AIM OF THE TASK: Starting with the line that holds "男子持刀刺伤妻子刺死岳父!已被刑拘" and stopping after the line that holds "At the core", repeat the lines below word for word, without the pictures.
=== MATERIAL FOR THE TASK ===
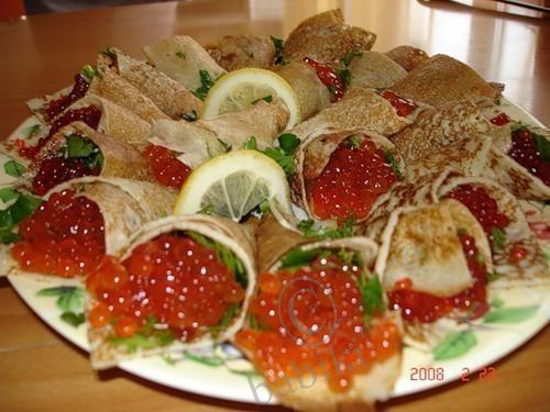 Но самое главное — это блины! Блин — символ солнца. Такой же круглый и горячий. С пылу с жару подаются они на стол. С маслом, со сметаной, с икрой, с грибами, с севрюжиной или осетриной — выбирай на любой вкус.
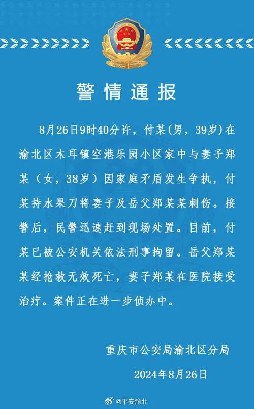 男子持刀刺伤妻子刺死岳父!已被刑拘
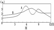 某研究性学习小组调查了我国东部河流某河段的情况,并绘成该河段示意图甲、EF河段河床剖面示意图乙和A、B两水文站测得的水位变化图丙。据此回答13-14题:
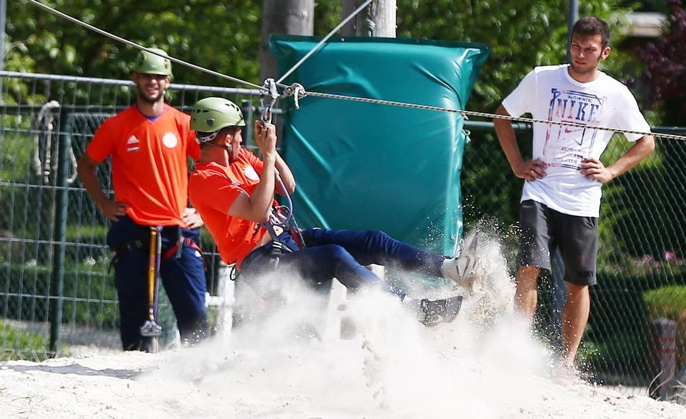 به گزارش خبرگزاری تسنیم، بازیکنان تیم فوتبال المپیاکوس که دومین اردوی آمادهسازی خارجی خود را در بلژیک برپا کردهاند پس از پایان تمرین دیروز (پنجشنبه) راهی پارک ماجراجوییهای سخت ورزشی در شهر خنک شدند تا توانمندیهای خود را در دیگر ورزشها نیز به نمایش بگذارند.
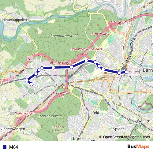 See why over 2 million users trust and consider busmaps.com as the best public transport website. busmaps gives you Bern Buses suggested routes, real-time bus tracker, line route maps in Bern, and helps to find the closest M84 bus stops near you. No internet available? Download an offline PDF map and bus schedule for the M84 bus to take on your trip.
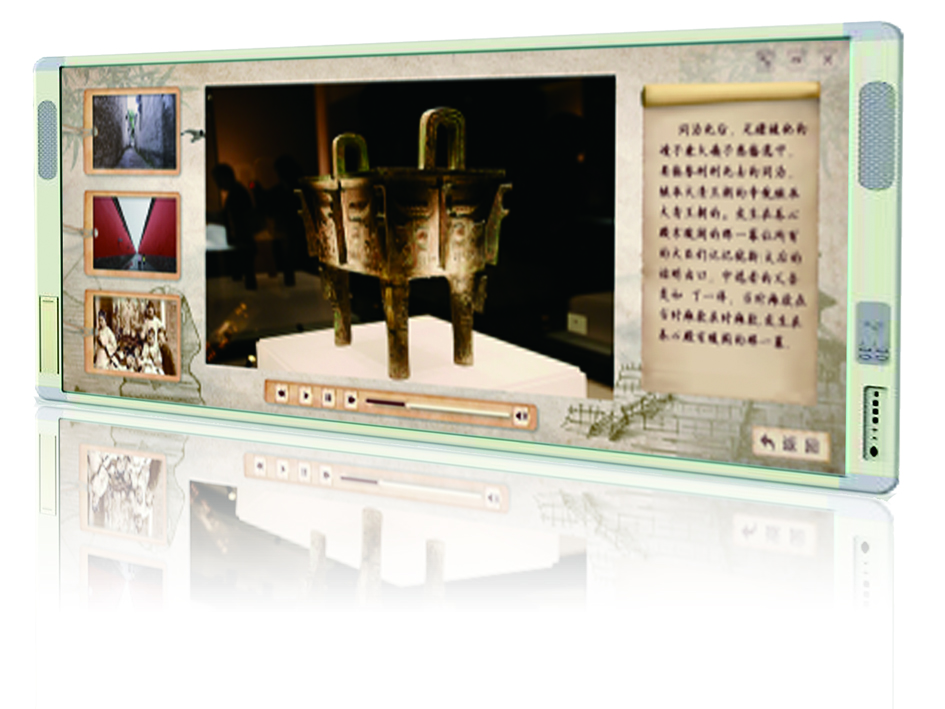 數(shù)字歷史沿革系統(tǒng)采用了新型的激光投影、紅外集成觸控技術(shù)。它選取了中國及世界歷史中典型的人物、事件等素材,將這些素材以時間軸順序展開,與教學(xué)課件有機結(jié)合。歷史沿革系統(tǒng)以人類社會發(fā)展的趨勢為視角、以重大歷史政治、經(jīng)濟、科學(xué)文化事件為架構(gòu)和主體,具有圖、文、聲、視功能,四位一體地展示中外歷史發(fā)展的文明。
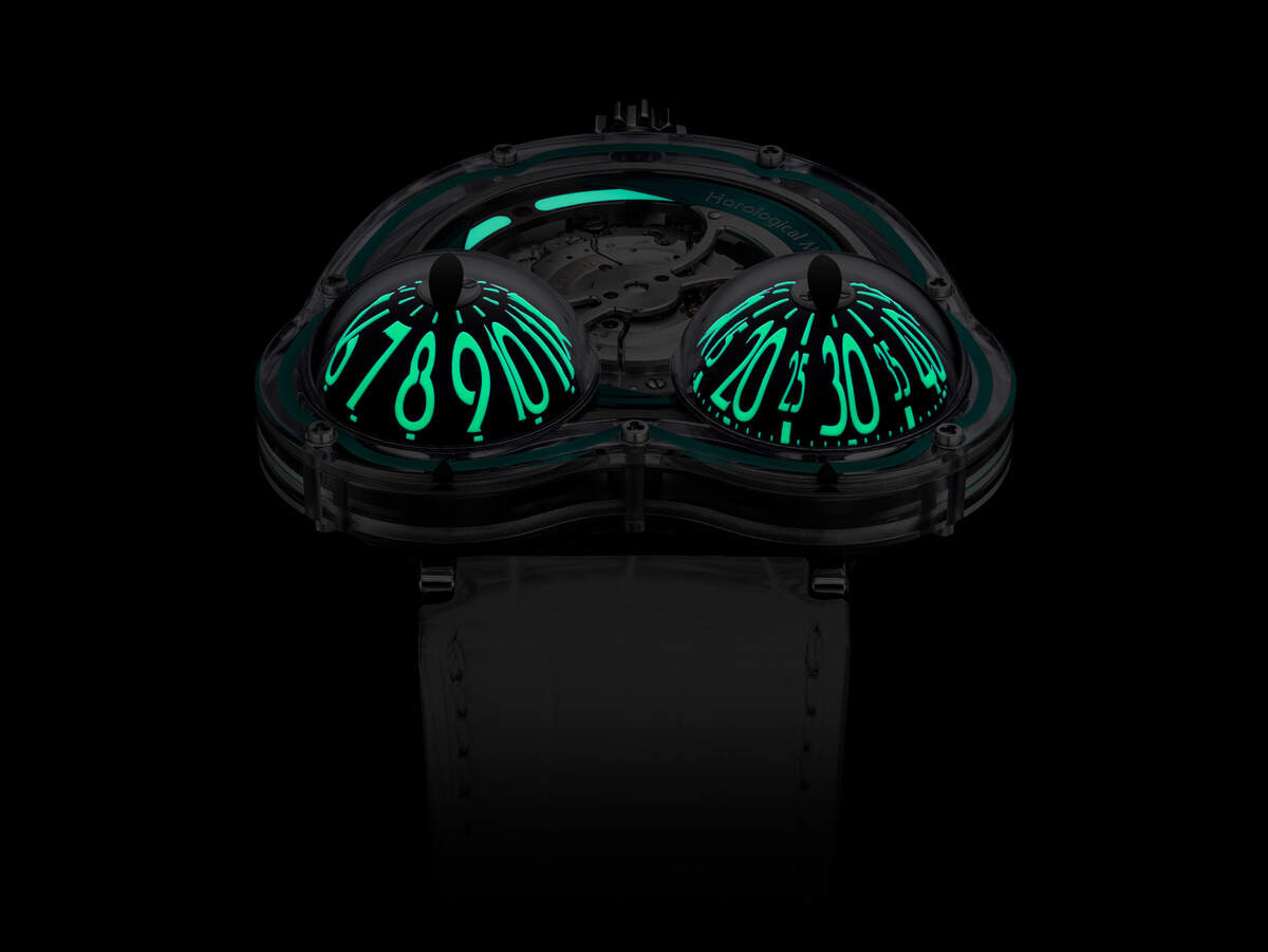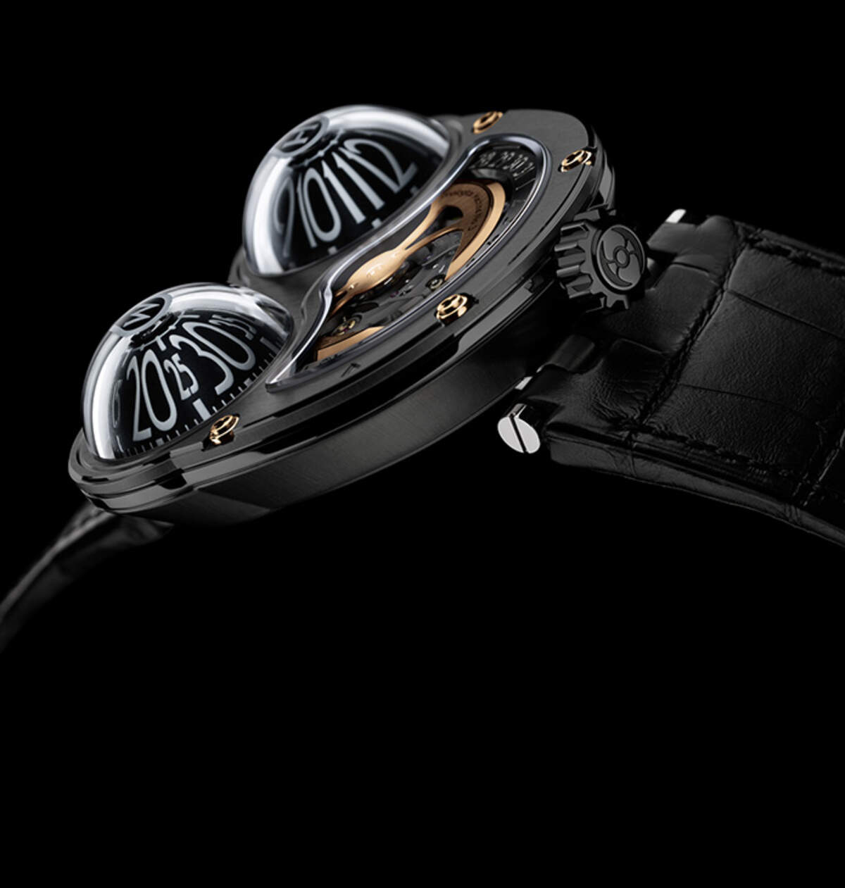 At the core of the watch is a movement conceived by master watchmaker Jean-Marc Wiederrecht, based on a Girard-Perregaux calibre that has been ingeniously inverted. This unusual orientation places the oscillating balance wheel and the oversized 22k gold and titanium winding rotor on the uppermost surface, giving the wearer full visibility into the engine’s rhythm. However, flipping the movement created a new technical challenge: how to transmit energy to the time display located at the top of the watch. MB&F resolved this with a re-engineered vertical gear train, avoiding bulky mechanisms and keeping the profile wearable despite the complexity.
===
=== MATERIAL FOR THE TASK ===
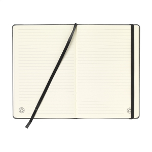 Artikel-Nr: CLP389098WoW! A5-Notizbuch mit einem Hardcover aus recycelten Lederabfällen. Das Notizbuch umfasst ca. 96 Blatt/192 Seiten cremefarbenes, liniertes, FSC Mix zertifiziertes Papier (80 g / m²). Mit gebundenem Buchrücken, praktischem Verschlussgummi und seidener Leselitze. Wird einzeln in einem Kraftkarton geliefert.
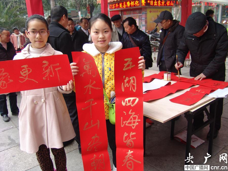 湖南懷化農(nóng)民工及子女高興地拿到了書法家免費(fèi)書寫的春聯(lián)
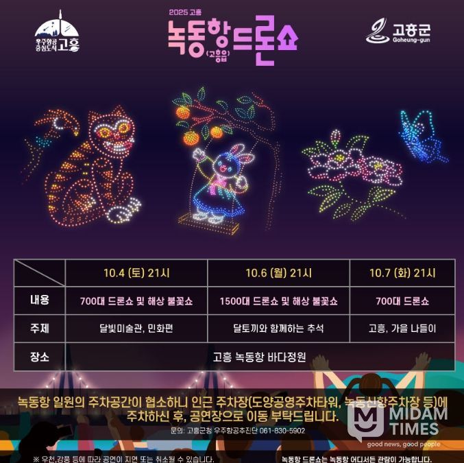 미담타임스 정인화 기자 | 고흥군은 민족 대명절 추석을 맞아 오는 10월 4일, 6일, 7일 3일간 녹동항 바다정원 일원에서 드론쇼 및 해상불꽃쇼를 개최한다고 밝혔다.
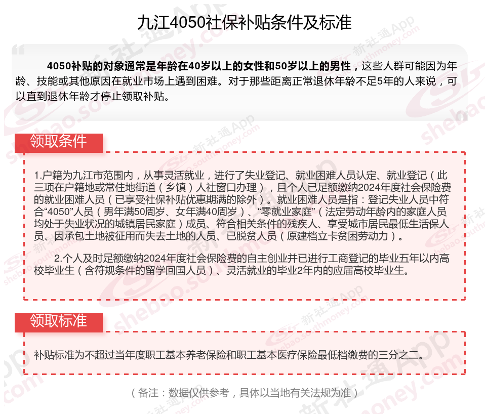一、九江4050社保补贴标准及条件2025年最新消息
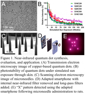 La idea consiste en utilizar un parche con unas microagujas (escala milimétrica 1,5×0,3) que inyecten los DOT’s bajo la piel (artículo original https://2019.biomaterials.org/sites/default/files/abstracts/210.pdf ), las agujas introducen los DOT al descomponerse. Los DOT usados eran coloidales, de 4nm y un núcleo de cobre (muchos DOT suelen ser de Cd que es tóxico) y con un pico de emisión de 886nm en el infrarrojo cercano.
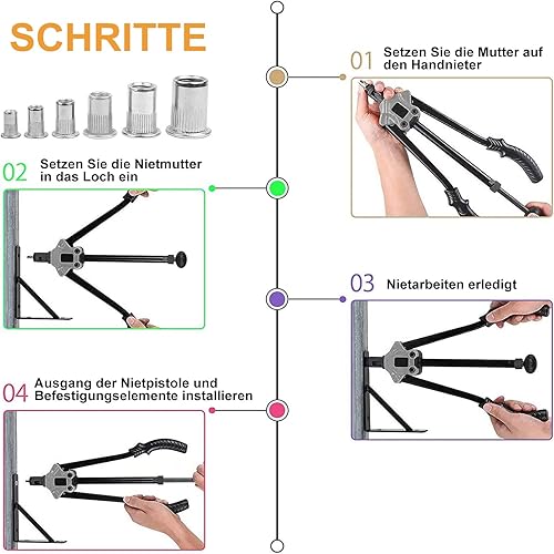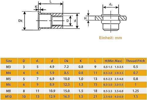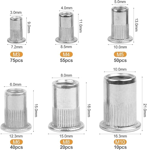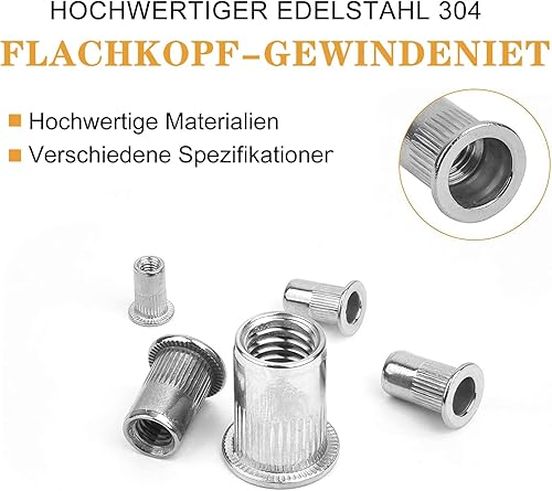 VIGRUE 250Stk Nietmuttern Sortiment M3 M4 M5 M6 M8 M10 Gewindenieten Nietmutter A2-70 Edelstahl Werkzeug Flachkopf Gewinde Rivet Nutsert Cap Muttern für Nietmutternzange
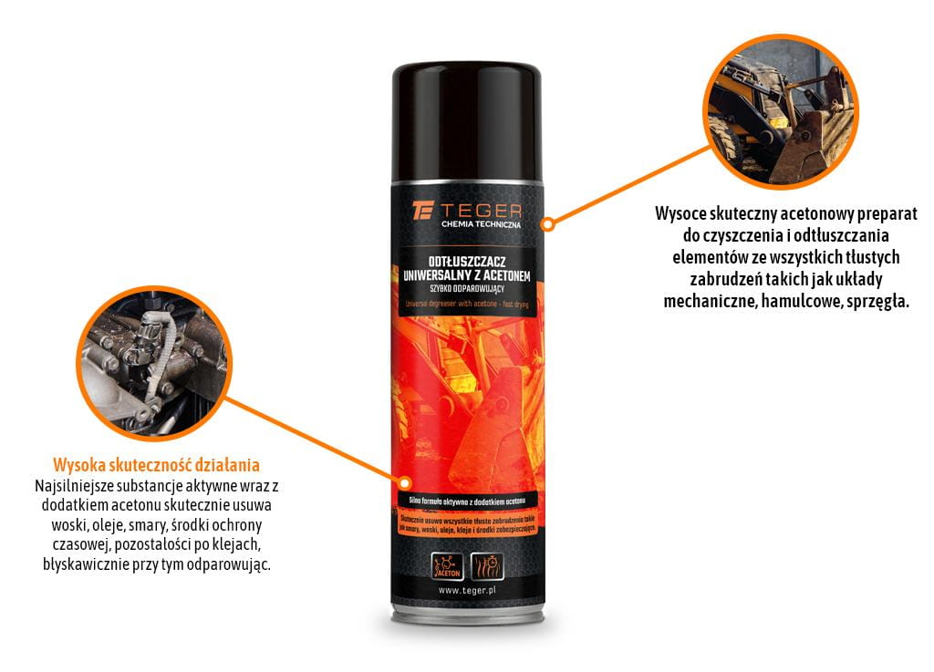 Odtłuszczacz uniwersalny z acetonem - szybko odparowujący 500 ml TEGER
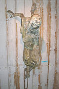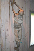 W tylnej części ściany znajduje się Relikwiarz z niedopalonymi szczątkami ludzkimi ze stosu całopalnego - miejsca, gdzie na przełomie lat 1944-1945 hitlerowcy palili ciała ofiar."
===
=== MATERIAL FOR THE TASK ===
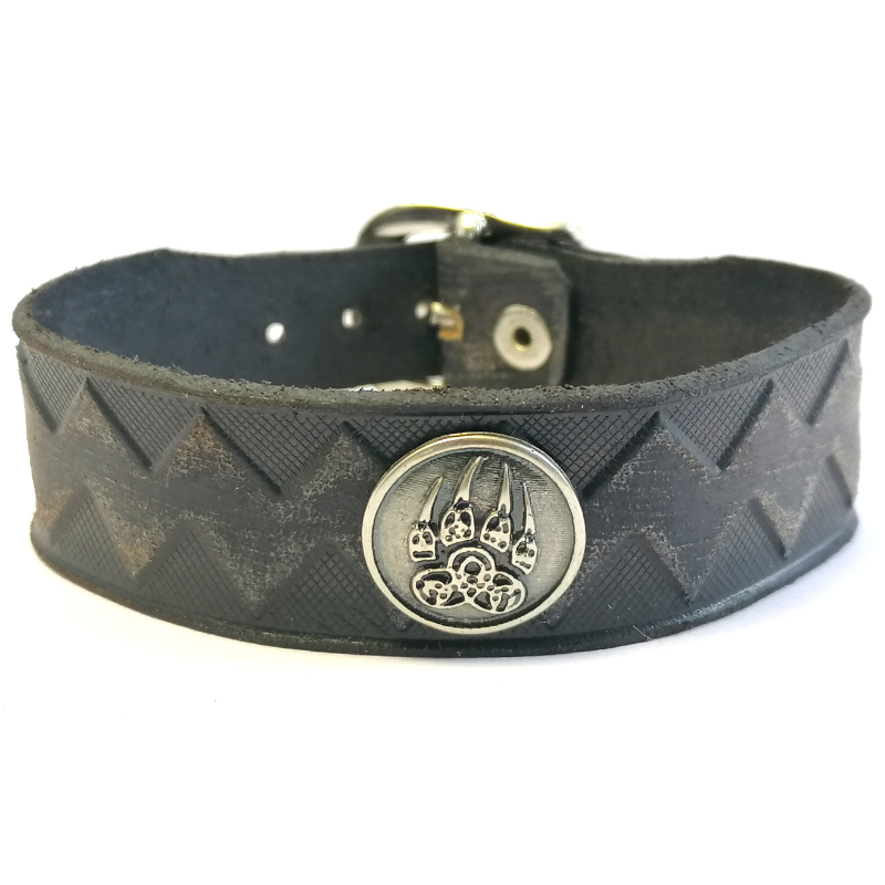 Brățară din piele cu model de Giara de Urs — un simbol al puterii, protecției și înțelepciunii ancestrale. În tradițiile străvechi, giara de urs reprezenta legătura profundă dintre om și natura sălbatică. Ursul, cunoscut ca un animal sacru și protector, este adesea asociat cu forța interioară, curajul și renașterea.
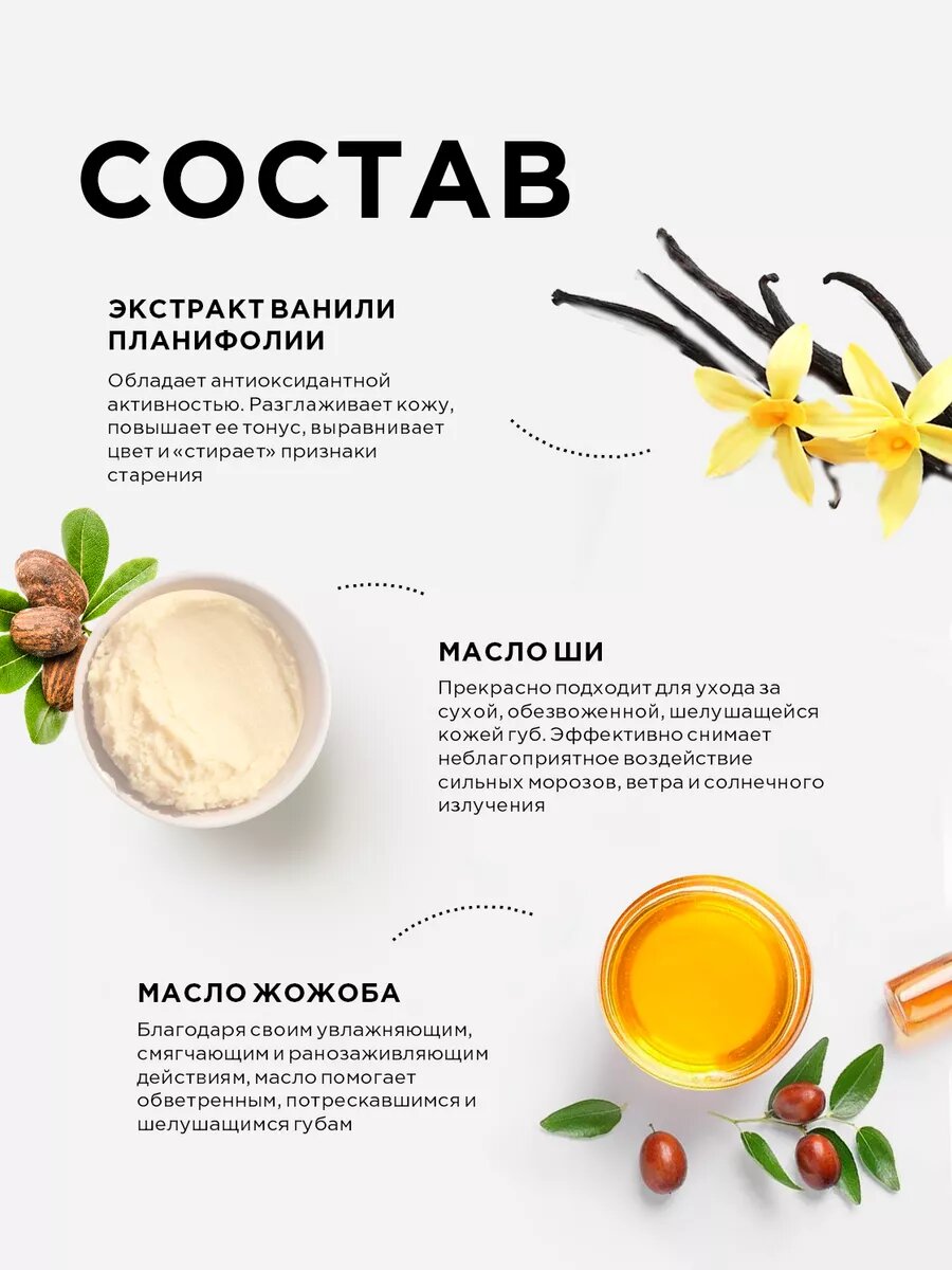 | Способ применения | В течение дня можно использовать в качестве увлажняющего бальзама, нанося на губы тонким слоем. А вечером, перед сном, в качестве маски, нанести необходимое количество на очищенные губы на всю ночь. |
===
EXPECTED ANSWER:
 男子持刀刺伤妻子刺死岳父!已被刑拘
 某研究性学习小组调查了我国东部河流某河段的情况,并绘成该河段示意图甲、EF河段河床剖面示意图乙和A、B两水文站测得的水位变化图丙。据此回答13-14题:
 به گزارش خبرگزاری تسنیم، بازیکنان تیم فوتبال المپیاکوس که دومین اردوی آمادهسازی خارجی خود را در بلژیک برپا کردهاند پس از پایان تمرین دیروز (پنجشنبه) راهی پارک ماجراجوییهای سخت ورزشی در شهر خنک شدند تا توانمندیهای خود را در دیگر ورزشها نیز به نمایش بگذارند.
 See why over 2 million users trust and consider busmaps.com as the best public transport website. busmaps gives you Bern Buses suggested routes, real-time bus tracker, line route maps in Bern, and helps to find the closest M84 bus stops near you. No internet available? Download an offline PDF map and bus schedule for the M84 bus to take on your trip.
 數(shù)字歷史沿革系統(tǒng)采用了新型的激光投影、紅外集成觸控技術(shù)。它選取了中國及世界歷史中典型的人物、事件等素材,將這些素材以時間軸順序展開,與教學(xué)課件有機結(jié)合。歷史沿革系統(tǒng)以人類社會發(fā)展的趨勢為視角、以重大歷史政治、經(jīng)濟、科學(xué)文化事件為架構(gòu)和主體,具有圖、文、聲、視功能,四位一體地展示中外歷史發(fā)展的文明。
 At the core of the watch is a movement conceived by master watchmaker Jean-Marc Wiederrecht, based on a Girard-Perregaux calibre that has been ingeniously inverted. This unusual orientation places the oscillating balance wheel and the oversized 22k gold and titanium winding rotor on the uppermost surface, giving the wearer full visibility into the engine’s rhythm. However, flipping the movement created a new technical challenge: how to transmit energy to the time display located at the top of the watch. MB&F resolved this with a re-engineered vertical gear train, avoiding bulky mechanisms and keeping the profile wearable despite the complexity.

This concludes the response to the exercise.